Thinking models generate long reasoning chains, so token-by-token decoding latency dominates their cost. Speculative decoding is the standard answer, but the draft model is the bottleneck, and SFT-trained drafts had hit a ceiling. Draft-OPD raises that ceiling without touching the target model or sacrificing output quality, which makes it a drop-in upgrade for inference stacks already running EAGLE-3 or DFlash style drafts.

Key results

  • Qwen3-4B (thinking, temperature 0): Draft-OPD 4.86x speedup, acceptance length tau 5.96; DFlash 4.33x, tau 5.51; EAGLE-3 3.87x, tau 5.33.
  • Qwen3-8B (thinking, temperature 0): Draft-OPD 4.89x, tau 5.73; DFlash 4.34x, tau 5.19; EAGLE-3 4.06x, tau 5.64.
  • Aggregate gain: about 23 percent over EAGLE-3 and 13 percent over DFlash under matched compute budgets.
  • Headline claim: over 5x lossless acceleration for thinking models across diverse tasks, with non-thinking mode reaching higher per-task peaks.
  • Quality: decoding is distribution-preserving, so generation quality is unchanged by design.
  • Evaluation suite: GSM8K, MATH-500, AIME, MBPP, HumanEval, SWE-Lite, and MT-Bench, on Qwen3-4B, Qwen3-8B, and Qwen3-30B-A3B-Thinking.

Limits and open questions

The training length is capped at 4,096 tokens while evaluation runs to 8,192, so the draft model is trained on shorter contexts than it is tested on.

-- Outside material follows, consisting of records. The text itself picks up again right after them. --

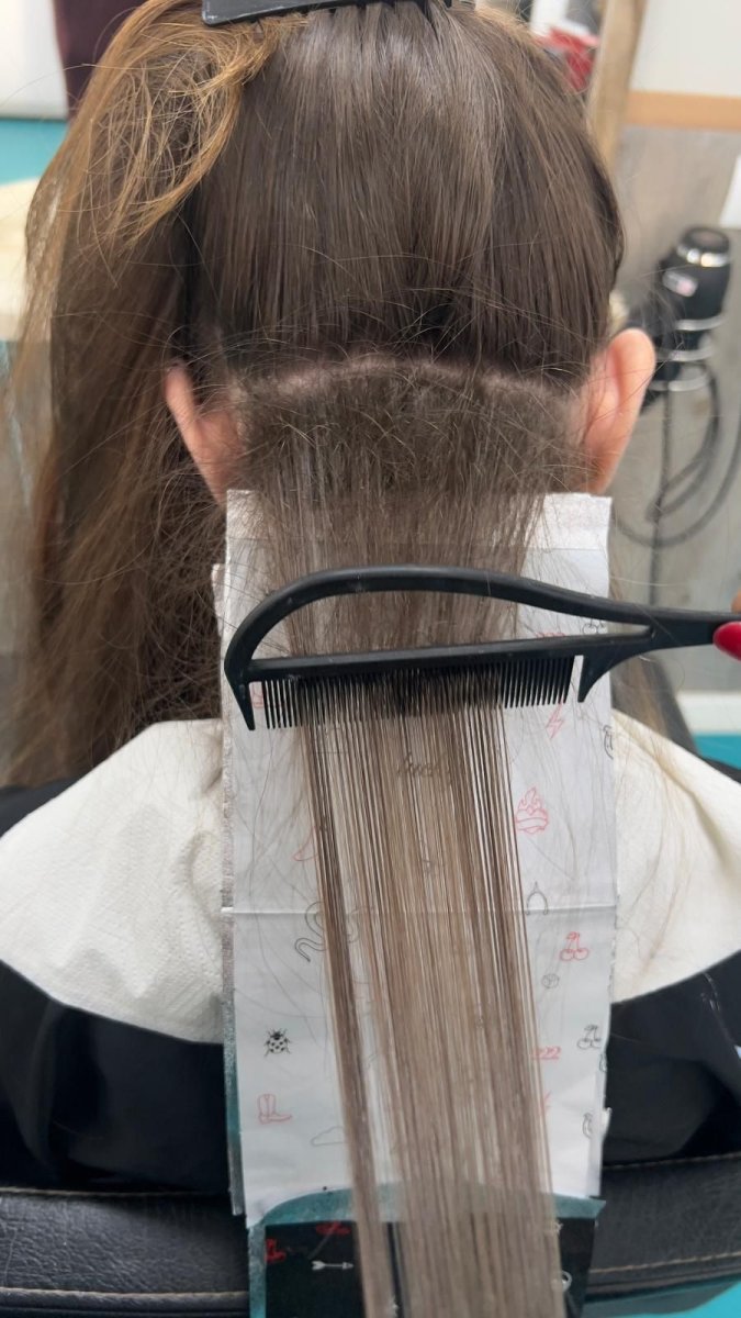 -Seleccionar mechas finas con peine de precisión dejando transparencias uniformes.
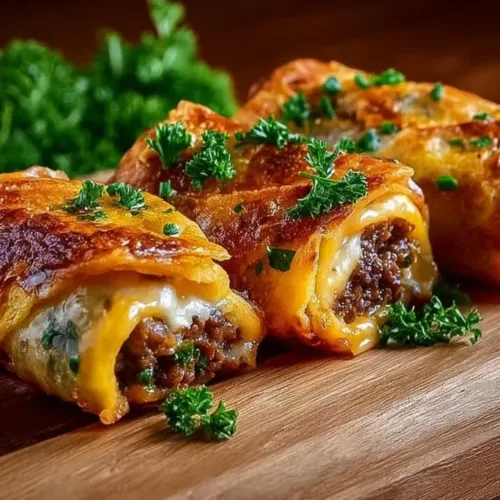 Garlic Butter Beef Cheeseburger Rollups are a fun and tasty twist on traditional burgers. They combine the rich flavors of garlic butter, juicy beef, and melted cheese all wrapped in a flaky crescent dough. Perfect for parties, game day, or a simple family dinner, these rollups are easy to make and everyone will love them!
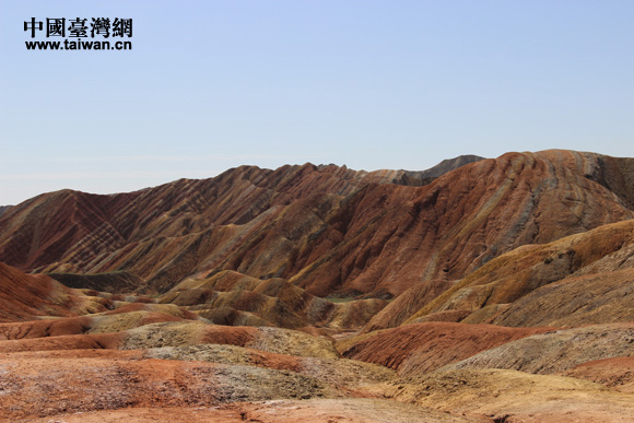 “海峽兩岸記者西北行”聯(lián)合采訪團(tuán)參訪張掖丹霞國家地質(zhì)公園,感受中國第一七彩丘陵神奇景觀。(中國臺(tái)灣網(wǎng) 王文英 攝)
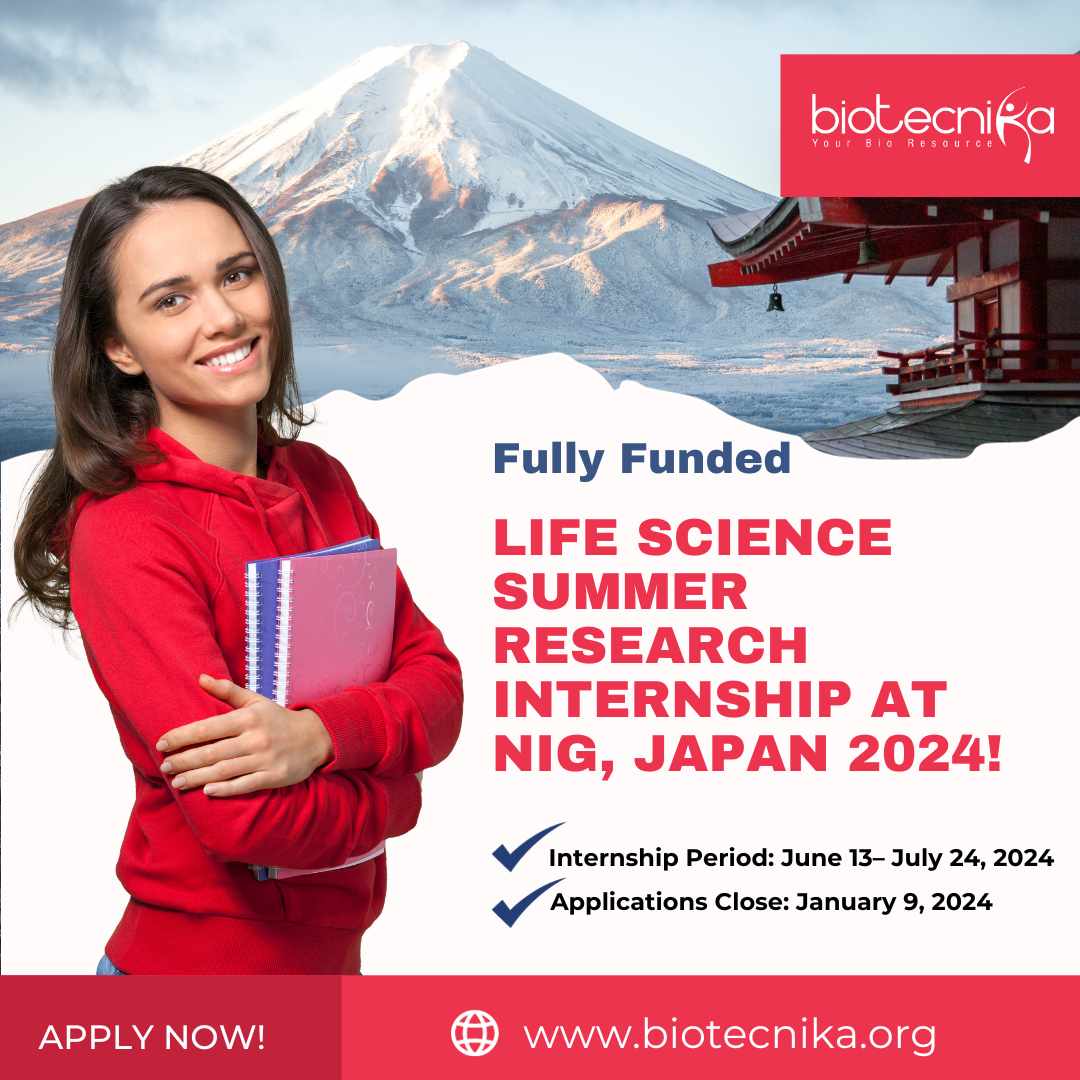 Keywords: fully funded internship, research internship, life science, genetics, NIG, summer internship, Japan 2024. Fully Funded Life Science Summer Research Internship at NIG, JAPAN 2024. Please ensure you are subscribed to the Biotecnika Times Newsletter and our YouTube channel to be notified of the latest industry news. Follow us on social media like Twitter, Telegram, Facebook
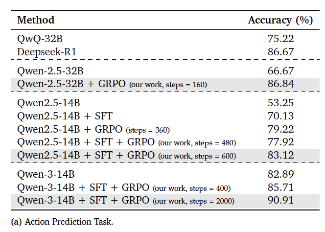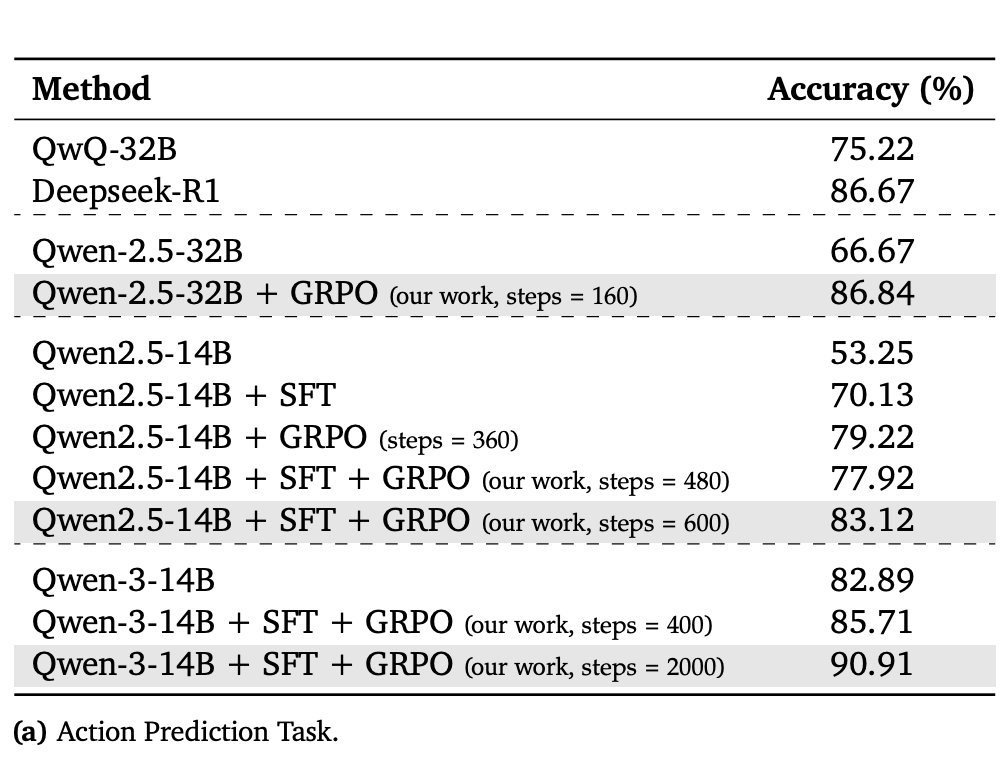 更炸裂的是,靠着这种“边玩边学”的训练方式,让仅14B参数的Qwen-3-14B,干翻了671B的 Deepseek-R1,动作精准度高达90.91%!
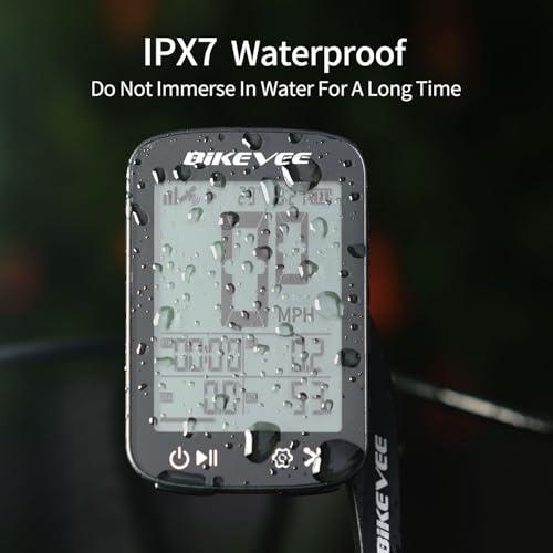 Bikevee Bike Speedometer GPS Wireless Cycling Computer – Auto Start/Stop, Auto Backlight, Waterproof Bicycle Odometer MPH KM/H, 2.4" LCD Display – Black
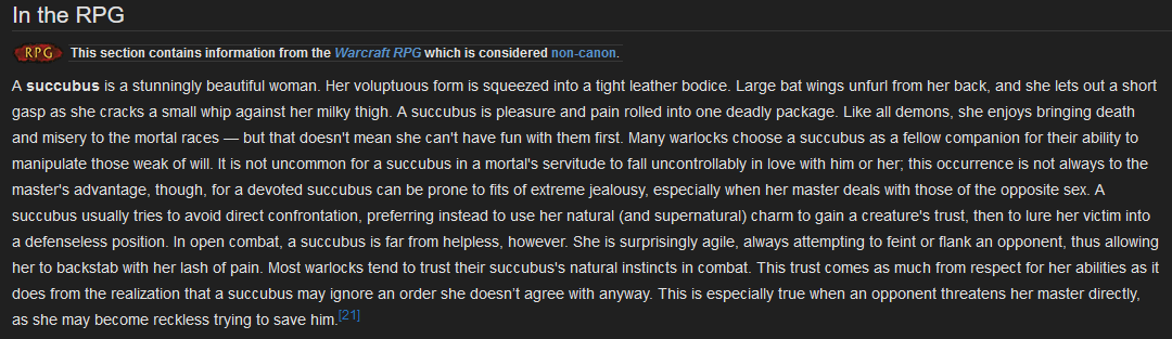 >>730719846Succubus falling in love with mortals has been a thing since vanilla, there's that whole quest in Black Rock Mountain where you help the succubus in a tavern get with the dwarf she's in love with
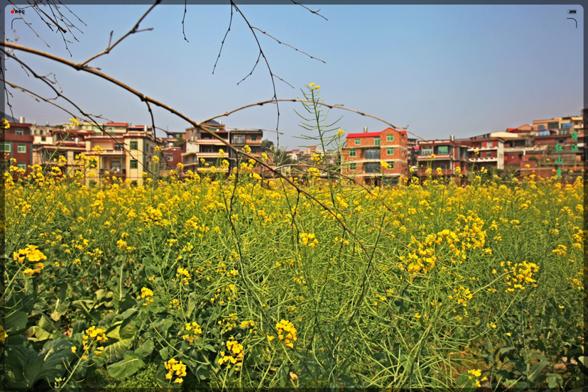富饶的乡村高楼一栋挨着一栋,油菜花就在村子中间。

Evaluation is confined to the Qwen3 family and DFlash-style draft architectures; whether the gains transfer to other model families or draft designs is untested here. The method targets speed only, not quality, so it offers nothing to tasks where the target model itself is the limiting factor. And the headline 5x figure aggregates across benchmarks and modes, so individual tasks vary; the cleaner apples-to-apples numbers are the per-model speedups above. There is also added training complexity: the rollout-and-replay loop is heavier than a single SFT pass.

FAQ

What does on-policy mean in Draft-OPD?

It means the draft model is supervised on the states induced by its own drafting policy during speculative decoding, rather than only on fixed target-generated transcripts. That closes the offline-to-inference mismatch that caps SFT-trained drafts.

Does Draft-OPD change the output of the target model?

No. Speculative decoding preserves the target model’s output distribution, and Draft-OPD is explicitly designed to improve decoding speed, not generation quality. Outputs are the same as standard decoding from the target model.

How is it different from EAGLE-3 and DFlash?

EAGLE-3 and DFlash train the draft with supervised fine-tuning on offline target text. Draft-OPD adds target-assisted rollout to stay on-distribution and error-position replay to learn from rejected proposals, then trains with an asymmetric forward and reverse KL objective. On Qwen3 thinking models that yields 23 percent and 13 percent higher speedups respectively.